◆ Task directions ◆
Further down are entries; set down exactly and only the lines from the one with "Deux éléments sont" up to and including the one with "秋冬氛围感女童护耳球球小手手毛线帽儿童巫师帽", dropping each picture.

※

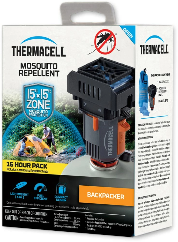 Using heat generated by your backpacking stove fuel canister, the compact and lightweight Thermacell Backpacker Mosquito Repeller effectively repels mosquitoes by creating a 15 ft. protection zone.
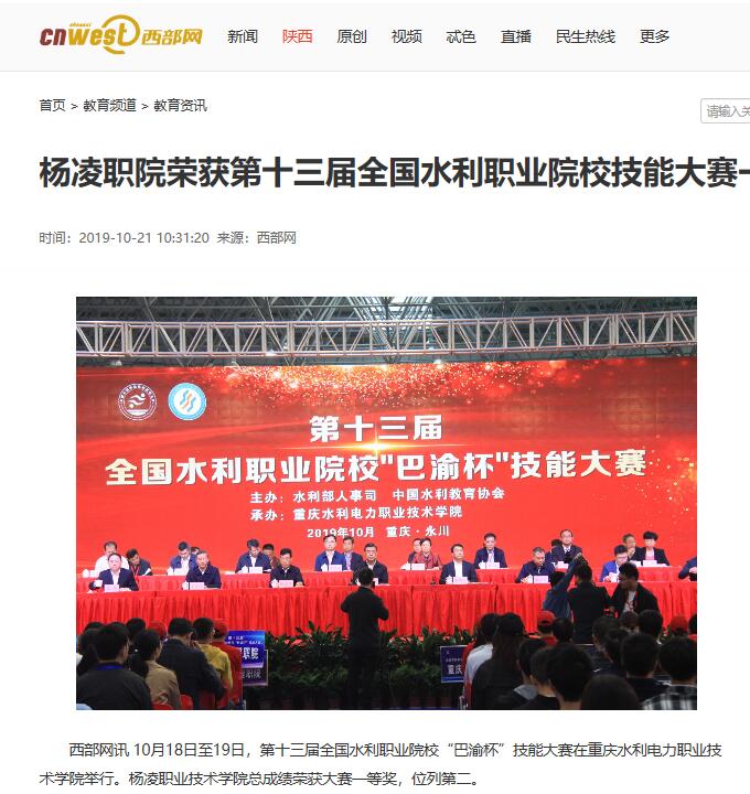 西部网讯 10月18日至19日,第十三届全国水利职业院校“巴渝杯”技能大赛在重庆水利电力职业技术学院举行。杨凌职业技术学院总成绩荣获大赛一等奖,位列第二。
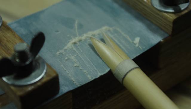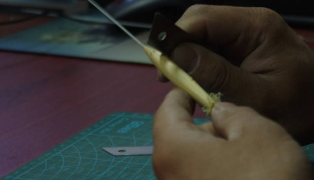10.拆线后,用刀片刮去芦苇的表皮和残留的胶水,为打磨做准备。
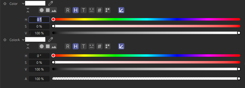 Deux éléments sont disponibles pour saisir et transmettre des informations sur les couleurs : IO - Couleur et IO - Couleur Alpha. Elles sont fondamentalement identiques, sauf que l'option IO - Couleur Alpha inclut un pourcentage supplémentaire pour déterminer l'opacité de la couleur. Les deux éléments fournissent des données vectorielles dont les composantes X, Y et Z représentent les composantes de couleur rouge, verte et bleue et sont stockées sous forme de valeurs à virgule flottante comprises entre 0,0 et 1,0. IO - Couleur Alpha comprend une composante alpha supplémentaire dont la valeur peut également être comprise entre 0,0 et 1,0. Les deux types de données peuvent être lus et traités comme Color ou ColorAlpha, ainsi que Vector3d ou Vector4d.
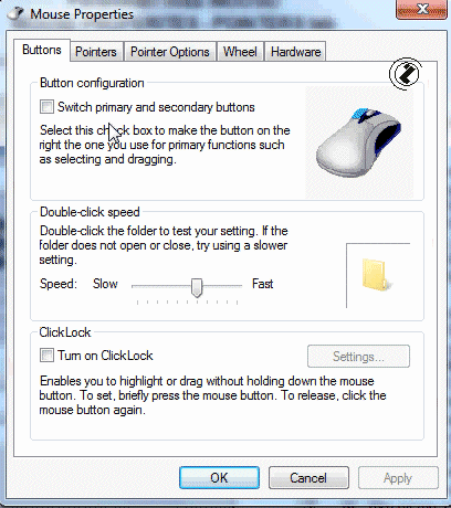 - Izbor miša za ljevake dešnjakev/SWITCH PRIMARY AND SECONDARY BUTTONS/ CHECK BOX.
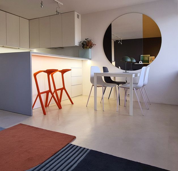 Stół na maksymalnie 8 osób, dwa hokery do siedzenia przy barku.
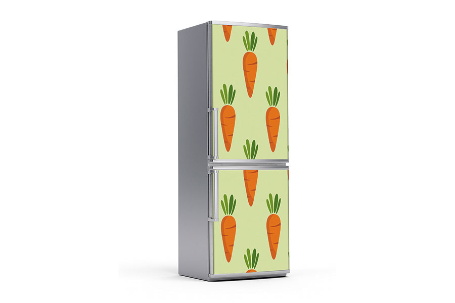Υφασμάτινο αυτοκόλλητο ψυγείου που απεικονίζει σε σχέδιο καρρότα σε ανοιχτό πράσινο φόντο.
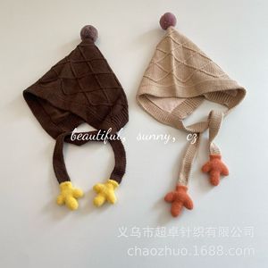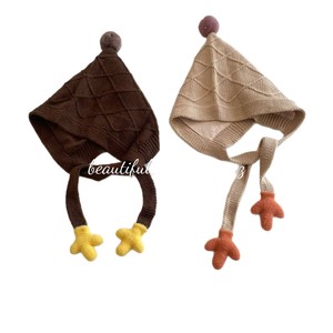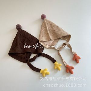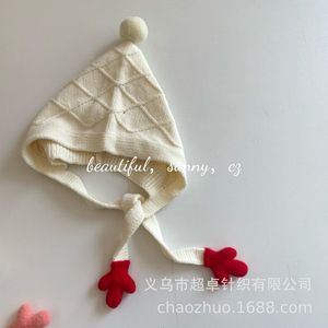 秋冬氛围感女童护耳球球小手手毛线帽儿童巫师帽
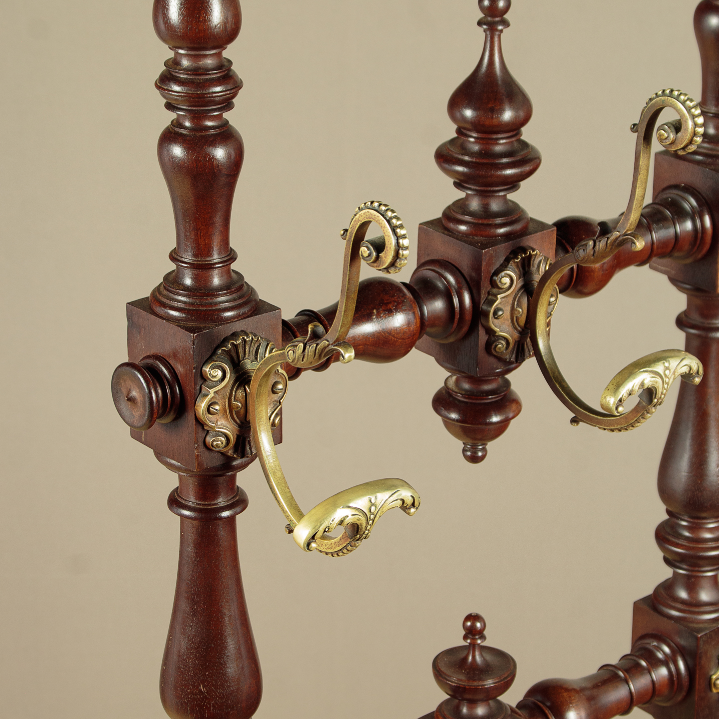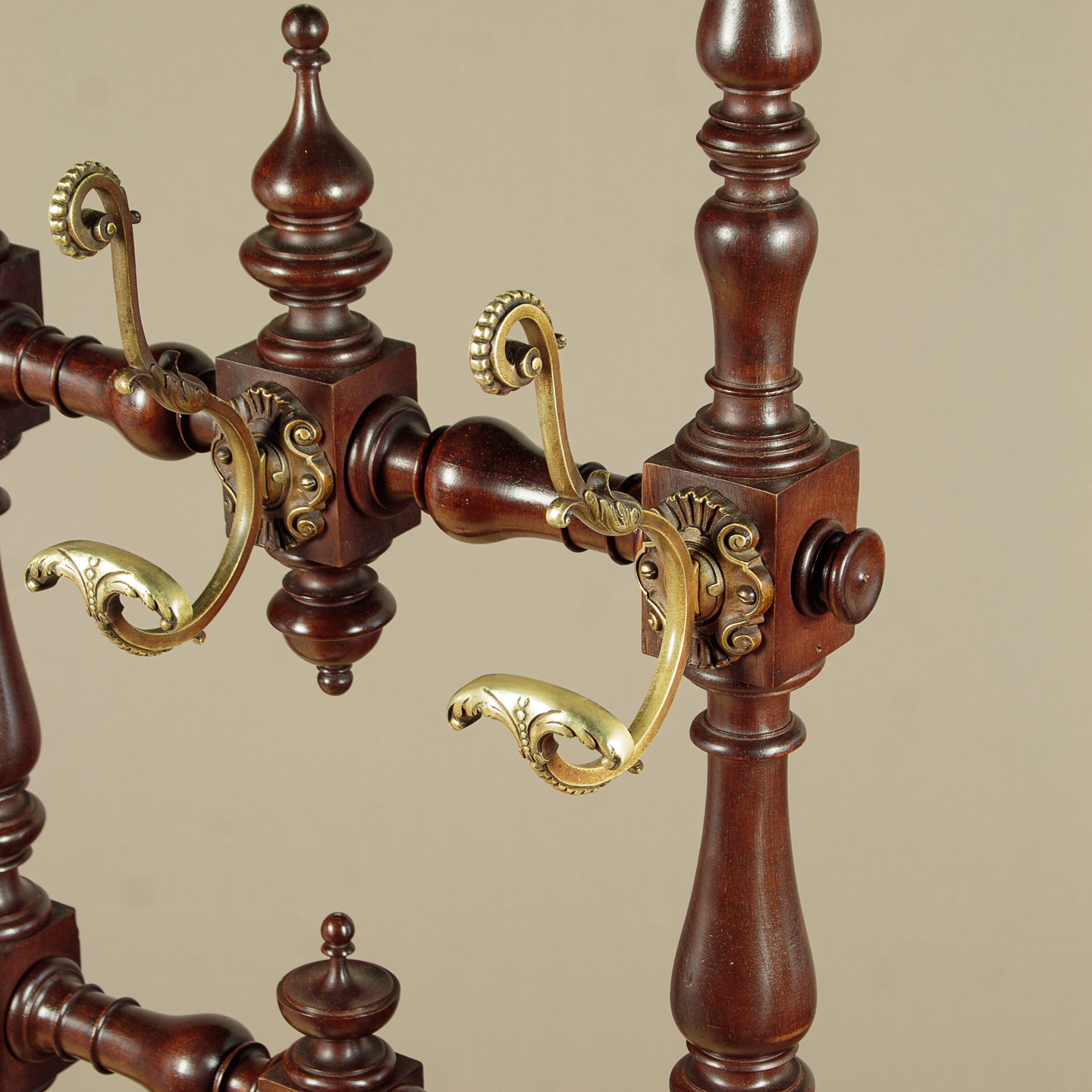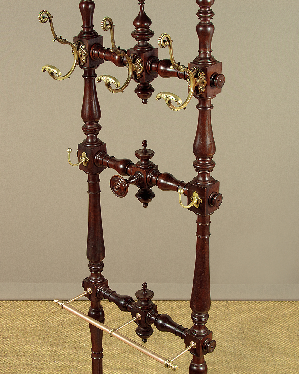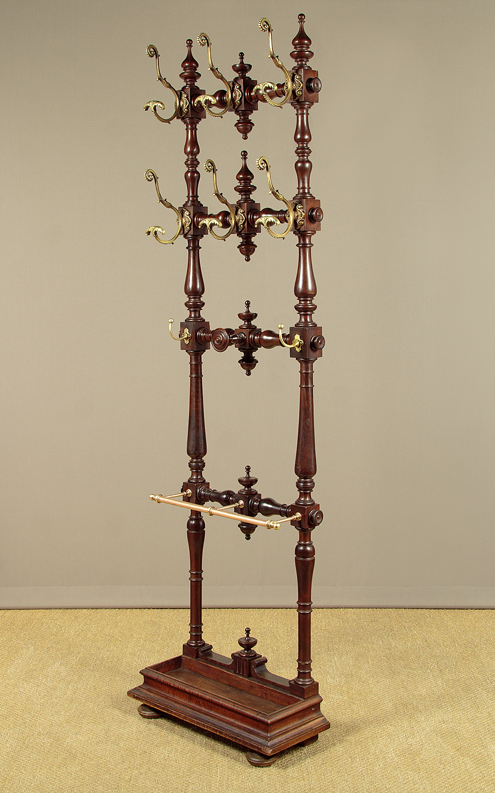 Tall walnut hallstand c.1880. Six large and elaborately cast brass double looks for hats and coats etc plus two smaller hooks and a brass stay for sticks and umbrellas etc. Arranged on a crisply turned walnut frame adorned with turned finials and droppers. Deep moulded base on turned front feet. Excellent colour and condition, cleaned and waxed in our workshops.

※

◆ Answer for the task ◆
 Deux éléments sont disponibles pour saisir et transmettre des informations sur les couleurs : IO - Couleur et IO - Couleur Alpha. Elles sont fondamentalement identiques, sauf que l'option IO - Couleur Alpha inclut un pourcentage supplémentaire pour déterminer l'opacité de la couleur. Les deux éléments fournissent des données vectorielles dont les composantes X, Y et Z représentent les composantes de couleur rouge, verte et bleue et sont stockées sous forme de valeurs à virgule flottante comprises entre 0,0 et 1,0. IO - Couleur Alpha comprend une composante alpha supplémentaire dont la valeur peut également être comprise entre 0,0 et 1,0. Les deux types de données peuvent être lus et traités comme Color ou ColorAlpha, ainsi que Vector3d ou Vector4d.
 - Izbor miša za ljevake dešnjakev/SWITCH PRIMARY AND SECONDARY BUTTONS/ CHECK BOX.
 Stół na maksymalnie 8 osób, dwa hokery do siedzenia przy barku.
Υφασμάτινο αυτοκόλλητο ψυγείου που απεικονίζει σε σχέδιο καρρότα σε ανοιχτό πράσινο φόντο.
 秋冬氛围感女童护耳球球小手手毛线帽儿童巫师帽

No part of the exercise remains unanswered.